What you are asked to do
The whole listing, except its pictures, is to be repeated exactly.

(Dataset section)

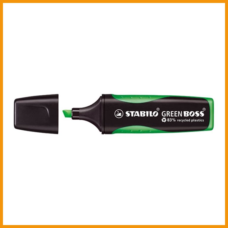 Stabilo Green Boss on kierrätysmuovista valmistettu versio Euroopan ostetuimmasta vihreästä korostuskynästä. Korkealaatuinen, vesipohjainen, myrkytön ja fluoresoiva muste juoksee kevyesti viistosta kärjestä, jonka kahdella eri kirjoitusleveydellä sekä alleviivaat että korostat - myös lämpöpaperille. Kynä ei kuivu neljään tuntiin, vaikka korkki unohtuisi auki.Kynän muoviosien valmistuksessa on käytetty 83 % kierrätysmuovia ja mustesäiliö on uudelleentäytettävä.
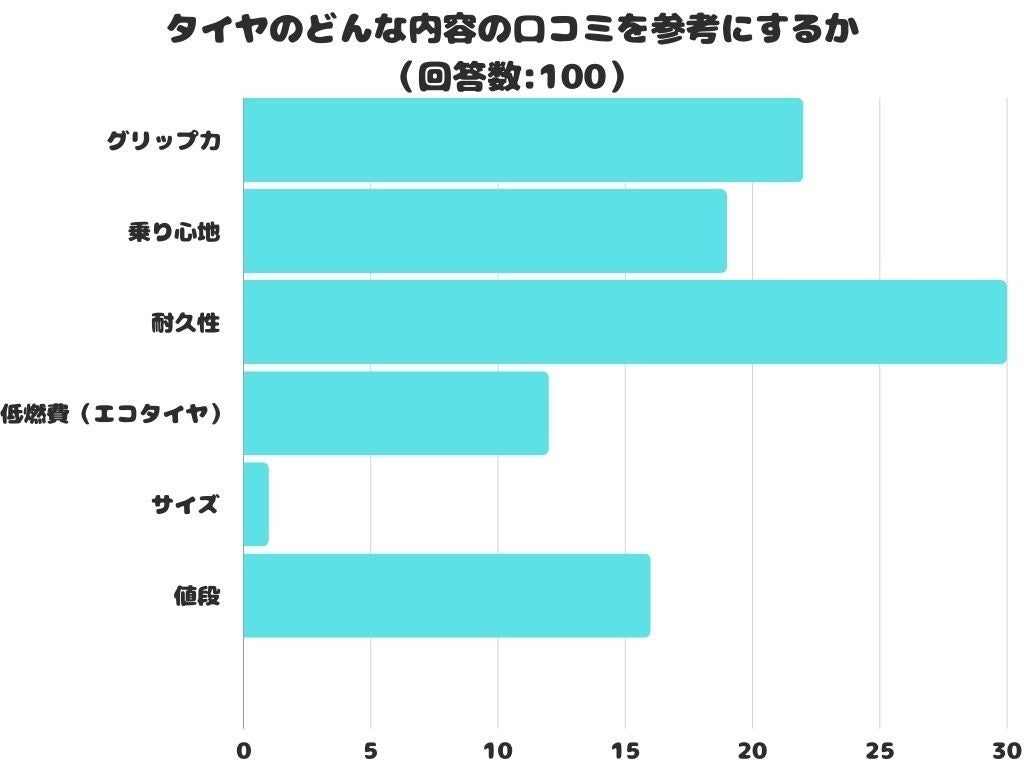 タイヤのどんな内容の口コミを参考にするをアンケートにて調査したところ、1位は「耐久性」でした。
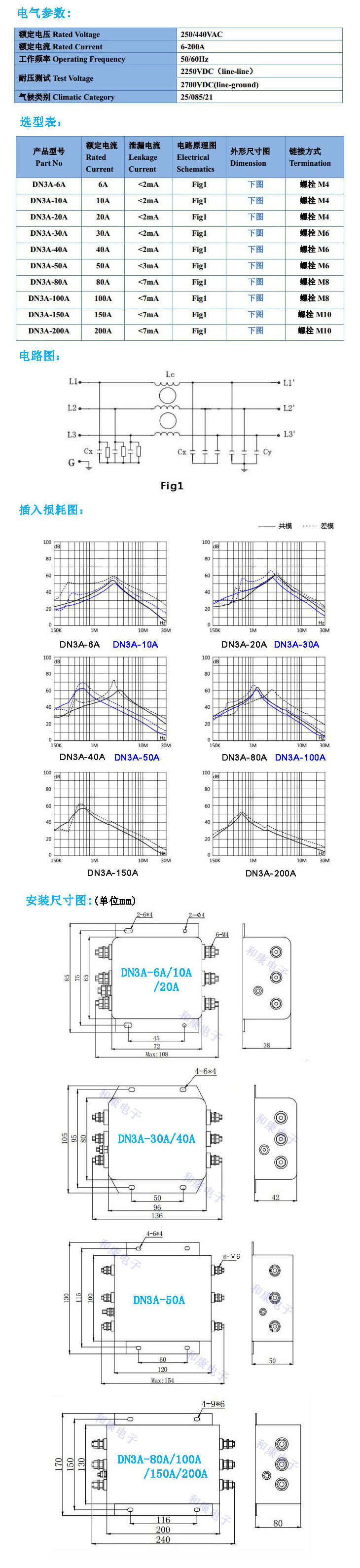 1.交流三相三線電源濾波器,采用品質(zhì)元件;

(End Dataset section)

Answer to this exercise
 Stabilo Green Boss on kierrätysmuovista valmistettu versio Euroopan ostetuimmasta vihreästä korostuskynästä. Korkealaatuinen, vesipohjainen, myrkytön ja fluoresoiva muste juoksee kevyesti viistosta kärjestä, jonka kahdella eri kirjoitusleveydellä sekä alleviivaat että korostat - myös lämpöpaperille. Kynä ei kuivu neljään tuntiin, vaikka korkki unohtuisi auki.Kynän muoviosien valmistuksessa on käytetty 83 % kierrätysmuovia ja mustesäiliö on uudelleentäytettävä.
 タイヤのどんな内容の口コミを参考にするをアンケートにて調査したところ、1位は「耐久性」でした。
 1.交流三相三線電源濾波器,采用品質(zhì)元件;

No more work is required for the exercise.